►

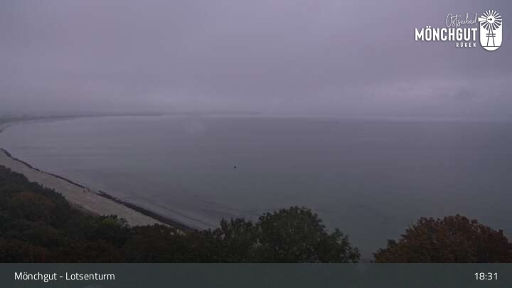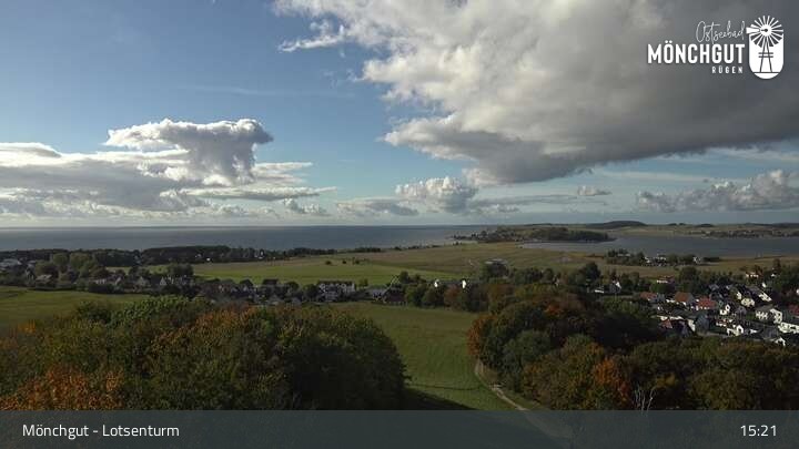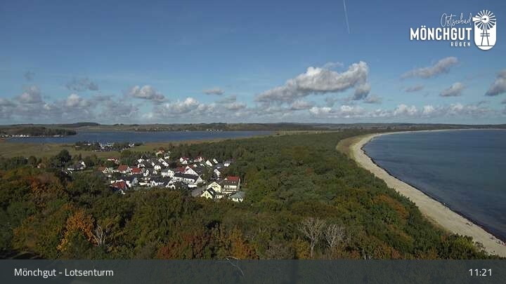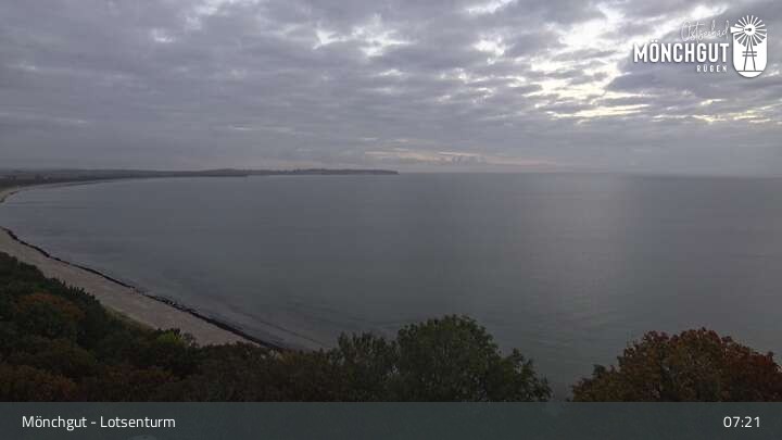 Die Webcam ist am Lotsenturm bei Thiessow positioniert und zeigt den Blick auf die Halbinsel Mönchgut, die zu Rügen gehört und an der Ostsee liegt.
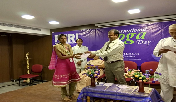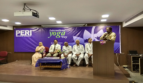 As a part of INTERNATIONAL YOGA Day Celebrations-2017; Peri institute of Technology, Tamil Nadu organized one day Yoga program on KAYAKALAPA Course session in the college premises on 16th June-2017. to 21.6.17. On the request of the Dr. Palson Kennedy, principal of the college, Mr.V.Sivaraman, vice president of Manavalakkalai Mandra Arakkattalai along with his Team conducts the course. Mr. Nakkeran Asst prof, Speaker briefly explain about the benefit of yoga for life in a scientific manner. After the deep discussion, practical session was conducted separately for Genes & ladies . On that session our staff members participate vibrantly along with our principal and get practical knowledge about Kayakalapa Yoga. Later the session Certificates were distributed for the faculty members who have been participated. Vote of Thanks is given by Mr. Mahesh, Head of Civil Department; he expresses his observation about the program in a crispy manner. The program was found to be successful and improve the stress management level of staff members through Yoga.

◄
►

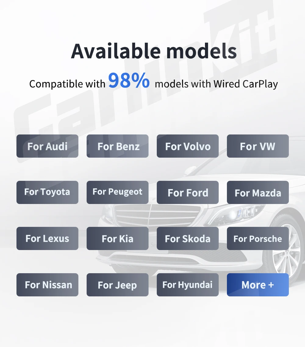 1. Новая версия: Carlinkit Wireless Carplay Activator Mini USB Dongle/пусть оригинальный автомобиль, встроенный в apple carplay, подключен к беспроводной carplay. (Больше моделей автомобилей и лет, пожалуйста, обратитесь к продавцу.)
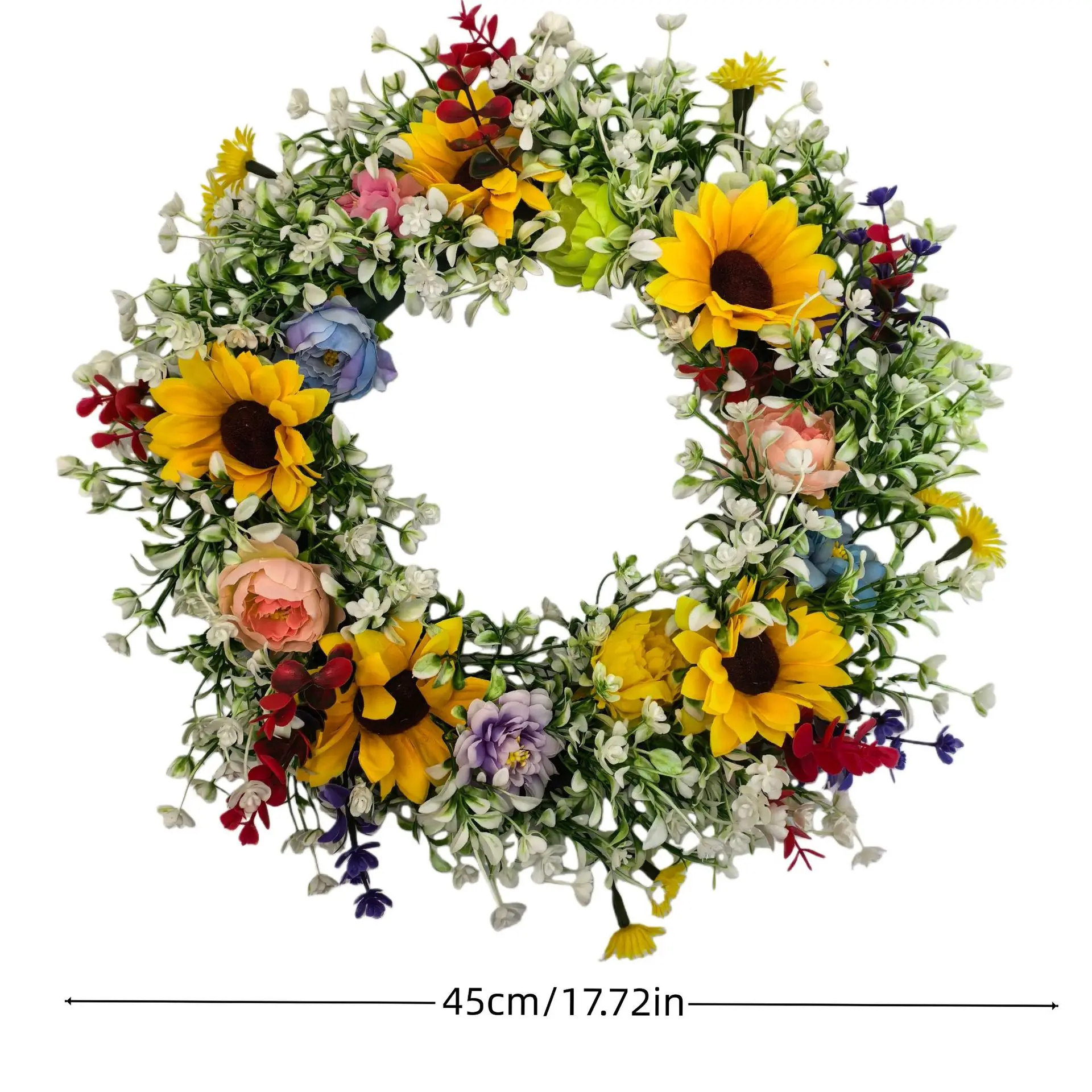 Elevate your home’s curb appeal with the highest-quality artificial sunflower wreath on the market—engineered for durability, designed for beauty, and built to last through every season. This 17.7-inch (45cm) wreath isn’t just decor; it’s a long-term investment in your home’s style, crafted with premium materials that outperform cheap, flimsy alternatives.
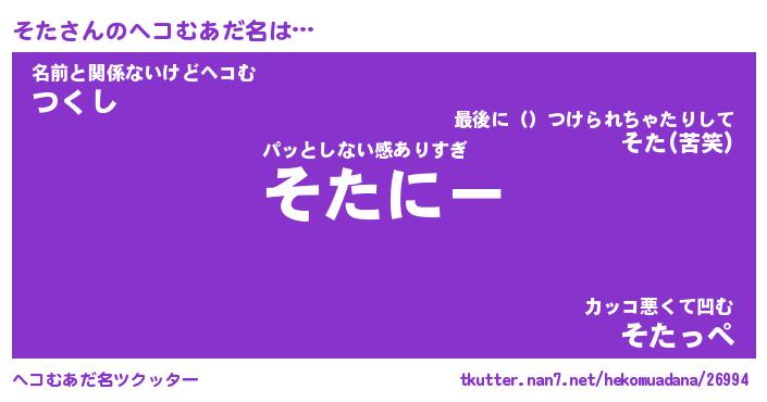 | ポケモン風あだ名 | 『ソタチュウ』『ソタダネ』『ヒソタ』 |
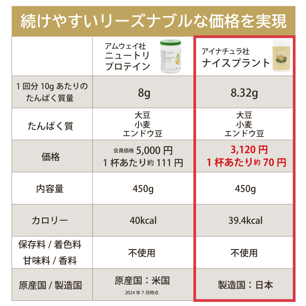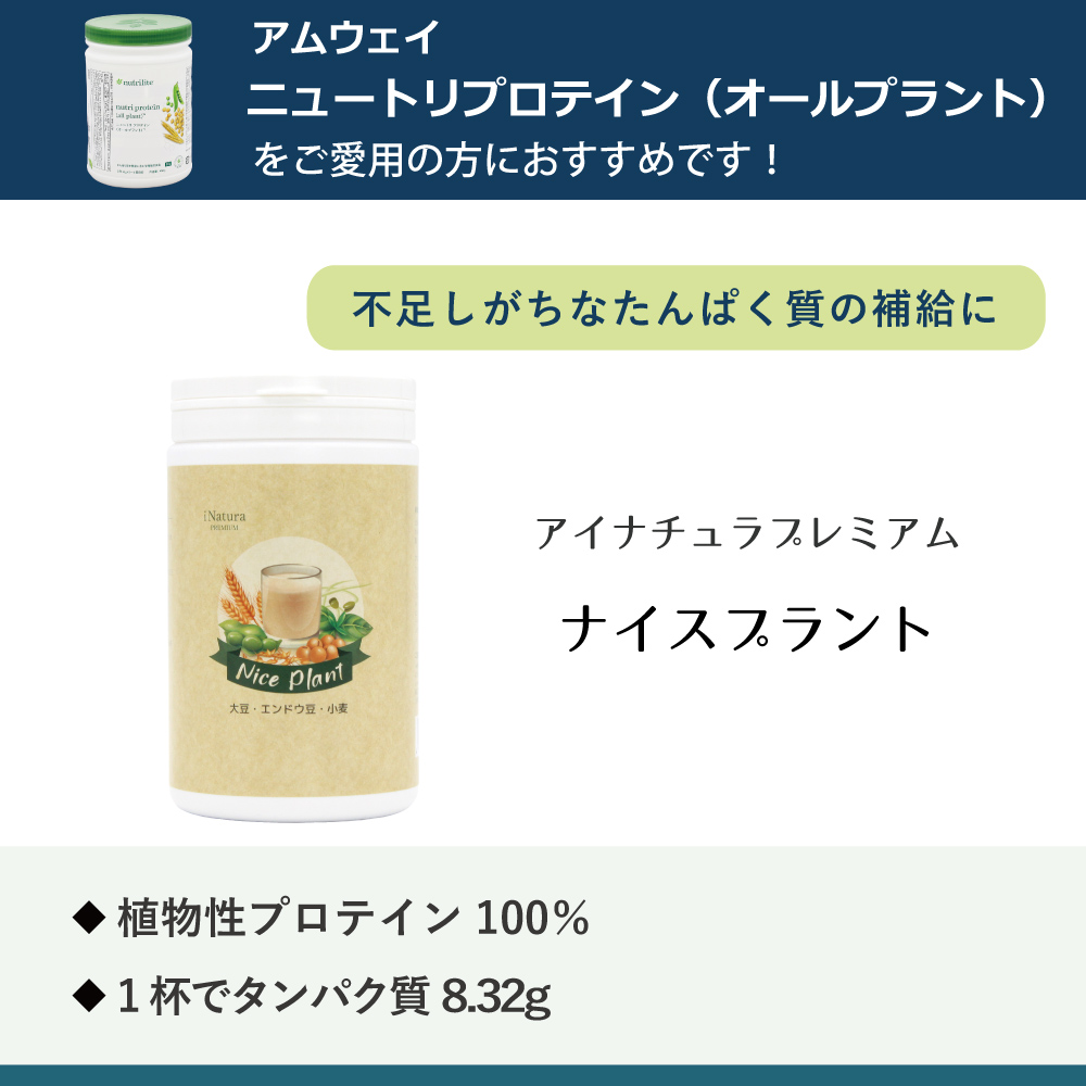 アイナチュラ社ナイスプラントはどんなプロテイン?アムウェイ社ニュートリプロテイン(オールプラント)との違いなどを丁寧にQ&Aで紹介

◄
►

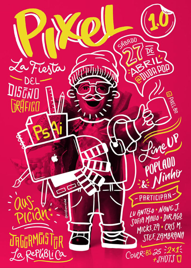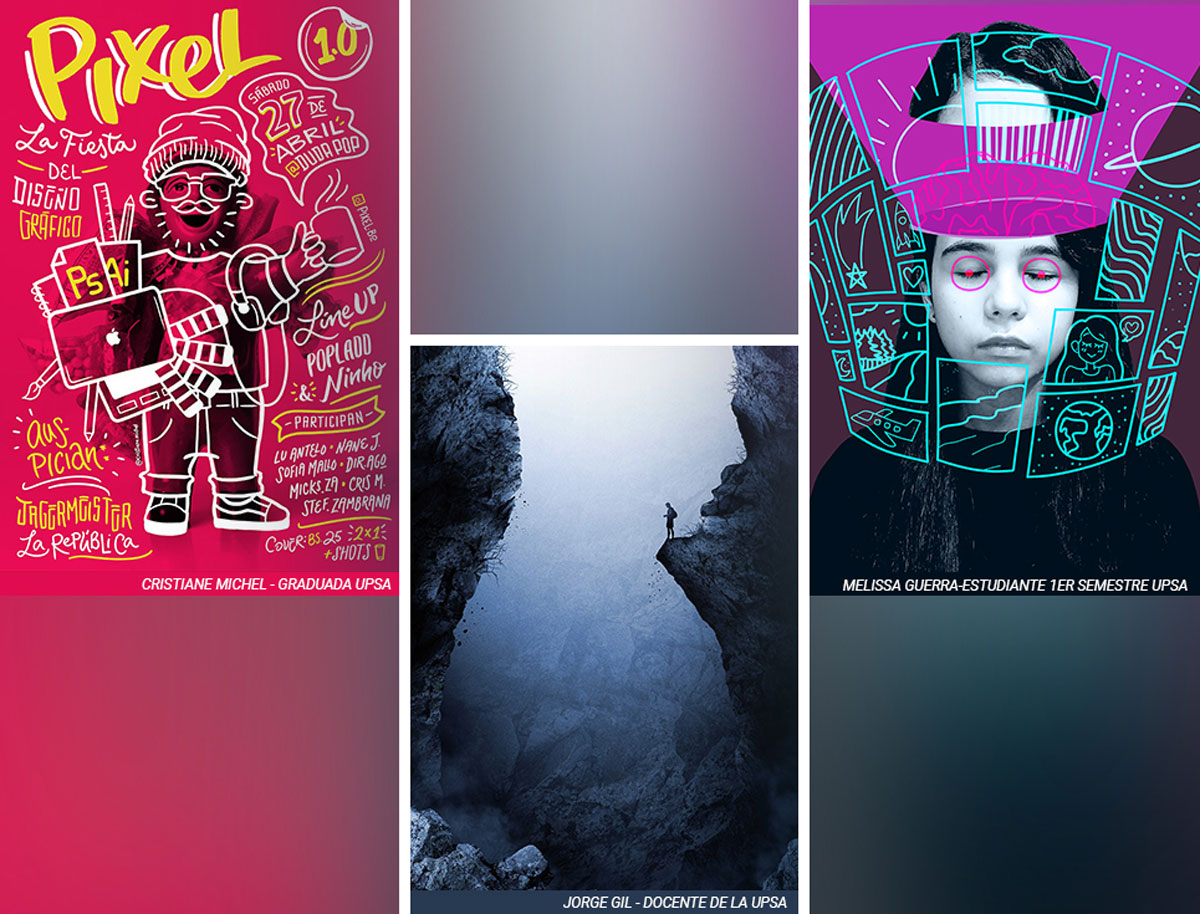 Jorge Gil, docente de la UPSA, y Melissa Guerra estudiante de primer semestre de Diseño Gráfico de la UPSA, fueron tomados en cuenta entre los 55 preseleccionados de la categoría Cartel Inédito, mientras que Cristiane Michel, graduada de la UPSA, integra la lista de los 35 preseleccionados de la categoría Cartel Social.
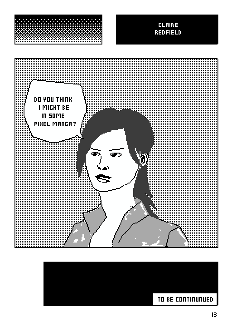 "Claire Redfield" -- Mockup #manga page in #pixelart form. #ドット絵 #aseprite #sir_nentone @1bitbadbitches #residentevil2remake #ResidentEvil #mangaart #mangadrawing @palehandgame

◄

What is expected: The lines above starting at the one that holds "1. Новая версия: Carlinkit" and ending at the one that holds "アイナチュラ社ナイスプラント" are to be written out exactly, ends included, and no pictures are to be copied.

Response below:
 1. Новая версия: Carlinkit Wireless Carplay Activator Mini USB Dongle/пусть оригинальный автомобиль, встроенный в apple carplay, подключен к беспроводной carplay. (Больше моделей автомобилей и лет, пожалуйста, обратитесь к продавцу.)
 Elevate your home’s curb appeal with the highest-quality artificial sunflower wreath on the market—engineered for durability, designed for beauty, and built to last through every season. This 17.7-inch (45cm) wreath isn’t just decor; it’s a long-term investment in your home’s style, crafted with premium materials that outperform cheap, flimsy alternatives.
 | ポケモン風あだ名 | 『ソタチュウ』『ソタダネ』『ヒソタ』 |
 アイナチュラ社ナイスプラントはどんなプロテイン?アムウェイ社ニュートリプロテイン(オールプラント)との違いなどを丁寧にQ&Aで紹介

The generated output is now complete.